### HOW TO COMPLETE THIS TASK
Reproduce each record exactly. The pictures should be skipped.

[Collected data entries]
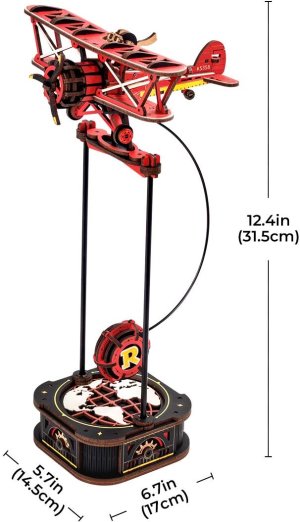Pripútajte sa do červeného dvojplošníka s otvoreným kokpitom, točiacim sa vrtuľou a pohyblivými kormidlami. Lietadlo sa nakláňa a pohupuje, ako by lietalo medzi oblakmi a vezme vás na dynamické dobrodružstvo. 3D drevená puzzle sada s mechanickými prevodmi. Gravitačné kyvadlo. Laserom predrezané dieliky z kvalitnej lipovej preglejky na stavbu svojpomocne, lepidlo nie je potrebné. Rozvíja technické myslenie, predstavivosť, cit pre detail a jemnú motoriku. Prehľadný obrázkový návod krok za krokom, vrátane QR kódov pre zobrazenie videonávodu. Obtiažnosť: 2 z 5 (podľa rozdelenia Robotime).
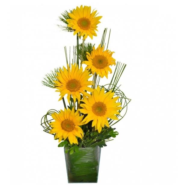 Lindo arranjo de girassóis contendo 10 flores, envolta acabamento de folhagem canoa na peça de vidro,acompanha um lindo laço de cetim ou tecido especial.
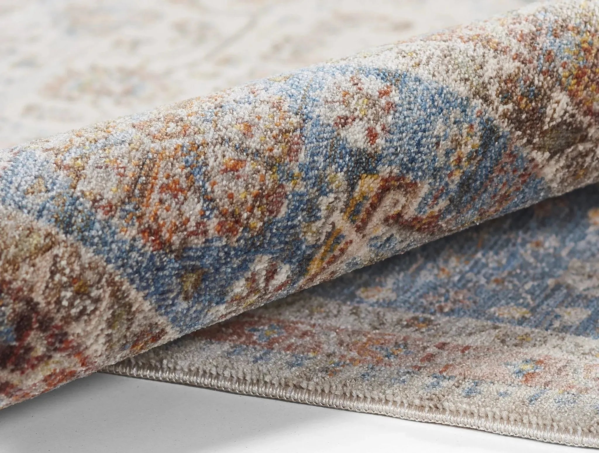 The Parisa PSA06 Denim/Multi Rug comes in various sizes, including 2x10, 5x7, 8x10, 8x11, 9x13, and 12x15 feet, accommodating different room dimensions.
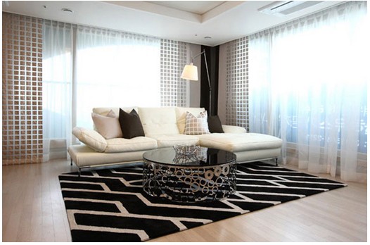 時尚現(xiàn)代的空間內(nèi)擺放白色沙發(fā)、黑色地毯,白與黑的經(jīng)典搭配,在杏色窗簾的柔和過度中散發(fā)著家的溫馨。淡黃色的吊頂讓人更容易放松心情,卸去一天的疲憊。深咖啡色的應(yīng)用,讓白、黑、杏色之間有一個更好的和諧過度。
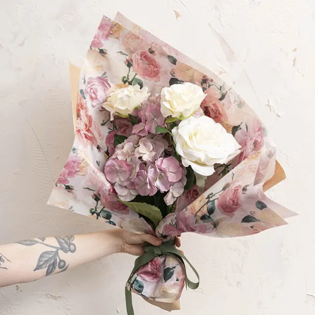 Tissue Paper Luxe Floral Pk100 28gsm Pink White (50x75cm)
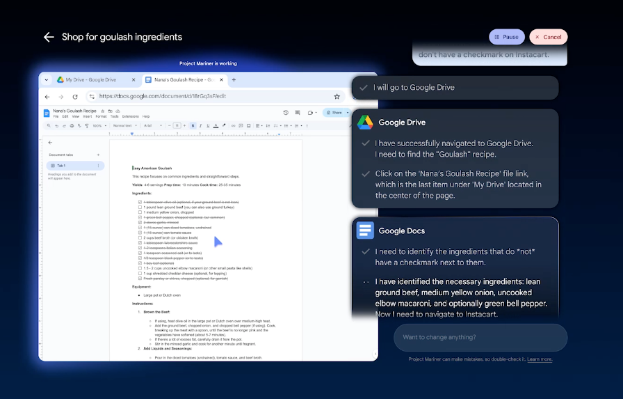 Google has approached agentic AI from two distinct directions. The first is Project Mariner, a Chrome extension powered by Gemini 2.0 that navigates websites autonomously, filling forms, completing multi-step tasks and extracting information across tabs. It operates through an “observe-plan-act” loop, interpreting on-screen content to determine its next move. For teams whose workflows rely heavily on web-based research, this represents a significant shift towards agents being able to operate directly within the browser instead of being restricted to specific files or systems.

### COMPLETED TASK
Pripútajte sa do červeného dvojplošníka s otvoreným kokpitom, točiacim sa vrtuľou a pohyblivými kormidlami. Lietadlo sa nakláňa a pohupuje, ako by lietalo medzi oblakmi a vezme vás na dynamické dobrodružstvo. 3D drevená puzzle sada s mechanickými prevodmi. Gravitačné kyvadlo. Laserom predrezané dieliky z kvalitnej lipovej preglejky na stavbu svojpomocne, lepidlo nie je potrebné. Rozvíja technické myslenie, predstavivosť, cit pre detail a jemnú motoriku. Prehľadný obrázkový návod krok za krokom, vrátane QR kódov pre zobrazenie videonávodu. Obtiažnosť: 2 z 5 (podľa rozdelenia Robotime).
 Lindo arranjo de girassóis contendo 10 flores, envolta acabamento de folhagem canoa na peça de vidro,acompanha um lindo laço de cetim ou tecido especial.
 The Parisa PSA06 Denim/Multi Rug comes in various sizes, including 2x10, 5x7, 8x10, 8x11, 9x13, and 12x15 feet, accommodating different room dimensions.
 時尚現(xiàn)代的空間內(nèi)擺放白色沙發(fā)、黑色地毯,白與黑的經(jīng)典搭配,在杏色窗簾的柔和過度中散發(fā)著家的溫馨。淡黃色的吊頂讓人更容易放松心情,卸去一天的疲憊。深咖啡色的應(yīng)用,讓白、黑、杏色之間有一個更好的和諧過度。
 Tissue Paper Luxe Floral Pk100 28gsm Pink White (50x75cm)
 Google has approached agentic AI from two distinct directions. The first is Project Mariner, a Chrome extension powered by Gemini 2.0 that navigates websites autonomously, filling forms, completing multi-step tasks and extracting information across tabs. It operates through an “observe-plan-act” loop, interpreting on-screen content to determine its next move. For teams whose workflows rely heavily on web-based research, this represents a significant shift towards agents being able to operate directly within the browser instead of being restricted to specific files or systems.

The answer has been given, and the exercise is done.